Imagine also, given DD1's class, if all 10 parents decided to 'pop in' for a few minutes. You could have an hour and 40 minutes of teaching time gone, with each parent just 'popping in' for 10 minutes. Add to that, the amount of time it takes to refocus the children, who often have limited attention spans anyway. Additionally, the staff, with the best will in the world, will be diverting some of their attention away from the children to the parents.

Then, you have the issue that the parents don't know the profile and the needs of the children in the class. They won't know if behaving in a particular way would upset 'Charlie'. An example, is that if I went in to DD1's Yr R class for any reason, they couldn't do anything with one of DD1's classmates, because he was so fixated on my mobile phone (that just happened to be in a holster clipped onto my belt loop) that he would completely zone out anything else.

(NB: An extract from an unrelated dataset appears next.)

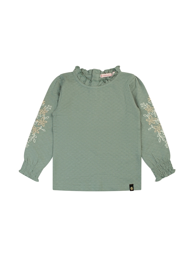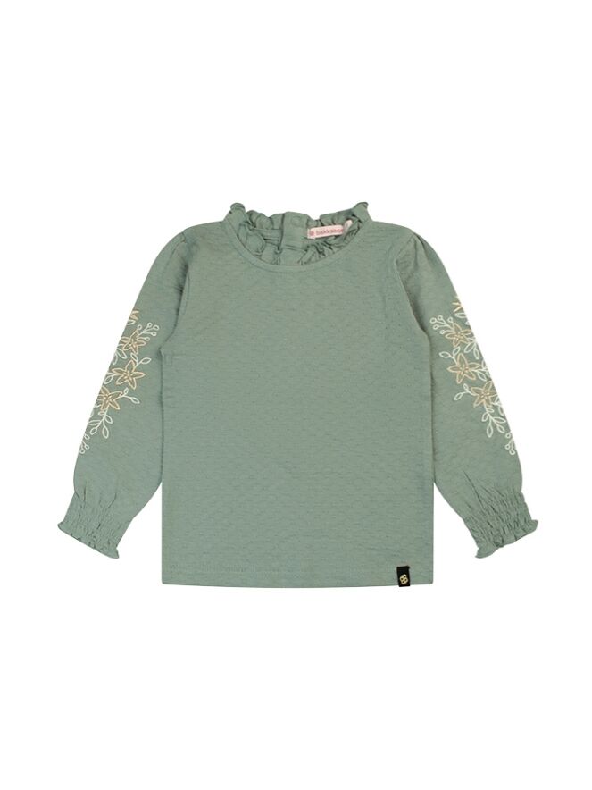 Deze schattige baby meisjes top is een echte must-have! De top is gemaakt van dobby-stof en afgewerkt met prachtig geborduurde bloemen op de mouwen. De smock turtle hals zorgt voor een lieve, speelse uitstraling. Perfect te combineren met een flared broek en een gilet voor een trendy en complete outfit.

It is hard to know that your child is away for 6 hours, and you don't hear anything from them at the end of the day, and desperately try and glean the tiniest scraps of information from them. But, school is their 'work' time and it is for them, not us.

MedusaIsHavingABadHairDay Tue 04-Oct-11 23:11:46

I teach in a SLD special school and my son is a pupil there.
Like many others we hold frequent coffee mornings etc and no one EVER mind parents popping in for a quick chat..but preferably at the end of the day as we have time to talk whereas mornings are very very busy. Any parent is welcome to come and see a member of staff to discuss concerns or chat.

But in the class..sitting in at random times? No. I would consider that utterly disruptive to the atmosphere of the class. My class all have SLD and most are also autistic and our class NEEDS calm routine, with everything predictable, and as much as can be, everything the same as per the daily timetable. A parent sitting in at random would create huge anxieties for other pupils and confusion. It has nothing to do with 'hiding' what we do, far from it, we are very proud of how our class runs, but we run it for the children..and their needs are always paramount.

For example, we have one child who is fixated by tights on women.. he's a large teen, with limited understanding, and can display very challenging behaviour. A mum popping in wearing a skirt would simply put him in a situation where he could have extreme difficulty controlling his behaviour.. and the whole class would be affected.

"Disruption' isn't a dirty word.. it's a fact that to help the children, classes don't benefit from people popping in willy nilly. It's difficult enough with the necessary extras (OTs Physios, SALTS etc) but they are seen by all regularly enough to become familiar faces and the good ones do everything possible to minimise their impact on the class.

Good home>school communication is essential.. home school diaries should be used effectively, but I think you need to trust the staff to be doing their job..or reconsider where your child is schooled!